The sun is the center of our solar system. Without the sun, there would be no life on Earth because it would be cold and dark. The sun was formed by gas almost 5 billion years ago. Why does the earth revolve around the sun? This question was unanswered until Sir Isaac Newton discovered that the sun’s strong gravity pulled the planets to revolve around it.


Why we need the sun
The sun is not just a star that provides Earth with heat and light. The sun also gives us many other things we need to live. Energy is one example. The sun is the main source of energy on earth and energy produces a lot of things that we use today. Our electricity is generated by burning fossil fuels; coal, oil, and natural gas. These all come from sunlight. Our electricity comes from fossil fuels, which come from the sun because creatures that lived a long time ago needed the sun to live and when they died they were buried. Over the millions of years that passed the creatures turned into fossil fuels, which are the coal, oil, and natural gas, we use today. Even windmills and hydropower plants get their energy from the sun. Windmills move because the sun causes winds to blow. First, the sun’s rays in the form of radiation hit the surface of Earth. The warm ground heats the air above. Warm air at the equator moves north and south to the cooler regions at the poles, creating winds.

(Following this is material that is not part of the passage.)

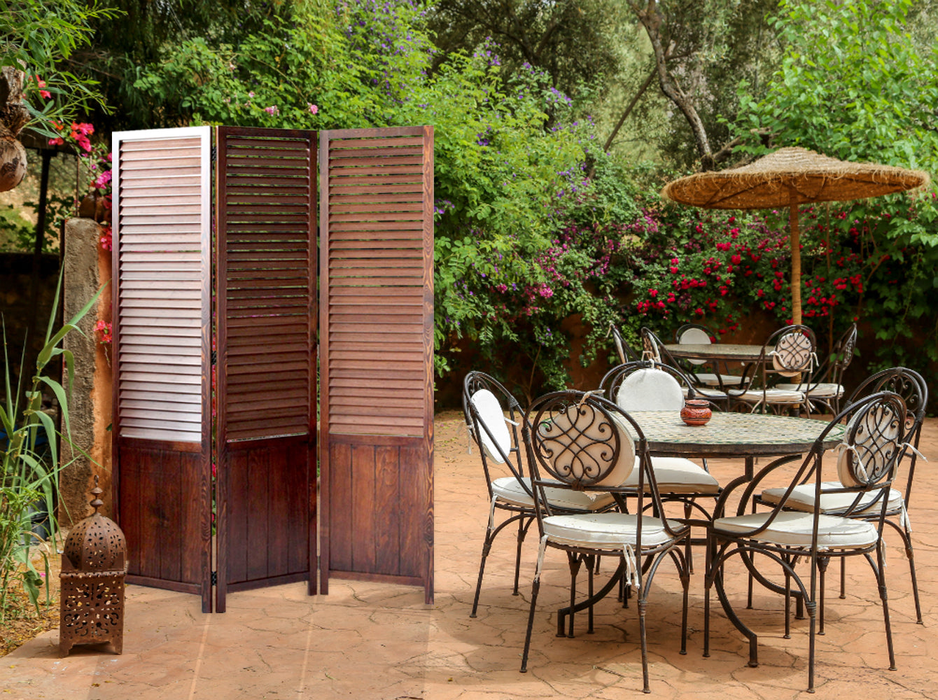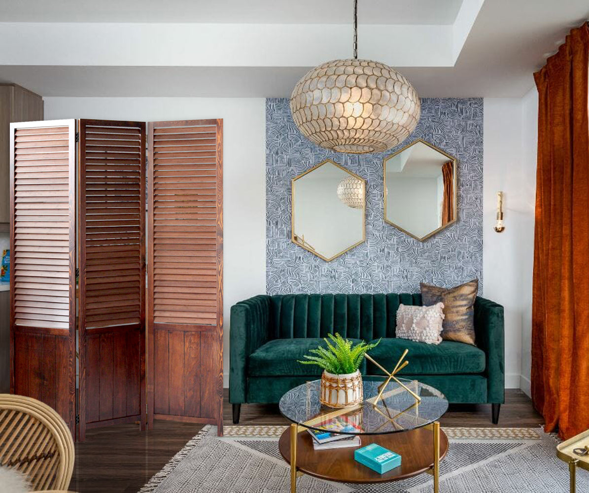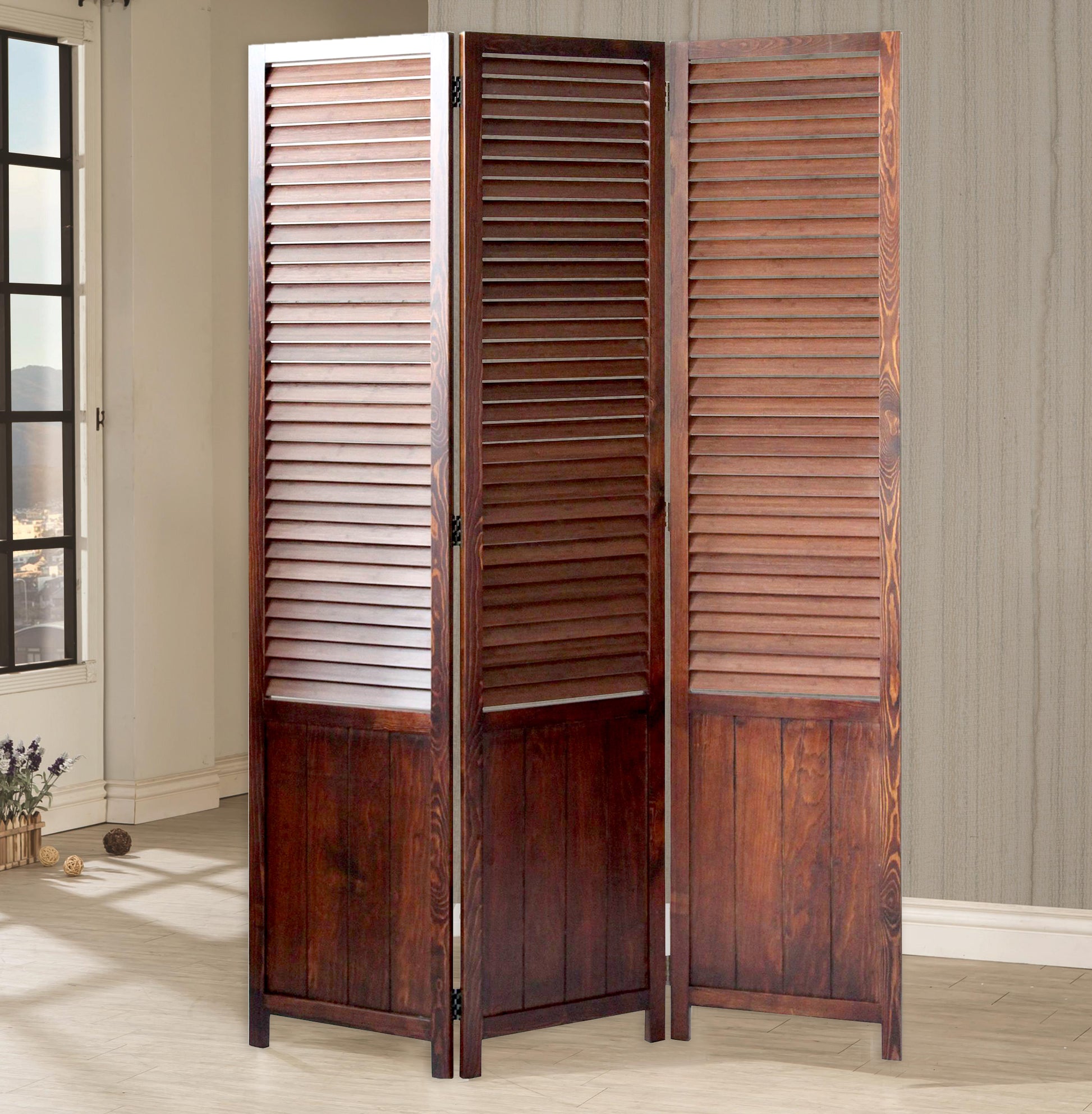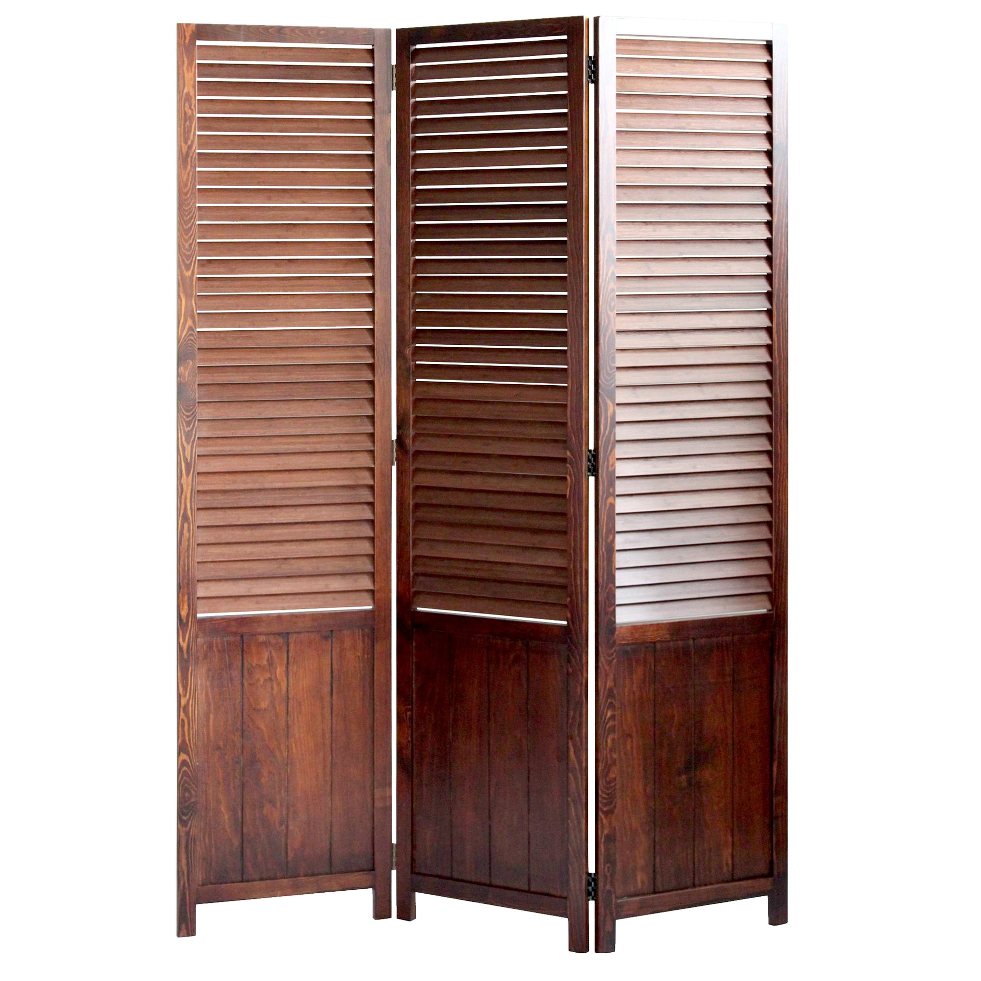 This is Espresso Wood Frame with carboined bamboo shutter 3 Panel Floor Screen; It's finished the same on both sides and can be used at any setting.

Hydropower plants generate energy because the sun causes rivers to flow. The sun causes rivers to flow because the sun creates warm air that gets trapped into some parts of the earth’s atmosphere. Then the warm air heats up the water in the river. Then the part of the river that is not warm hits the warm water and since warm water rises because it is less dense than cold water that creates a circulation that creates winds.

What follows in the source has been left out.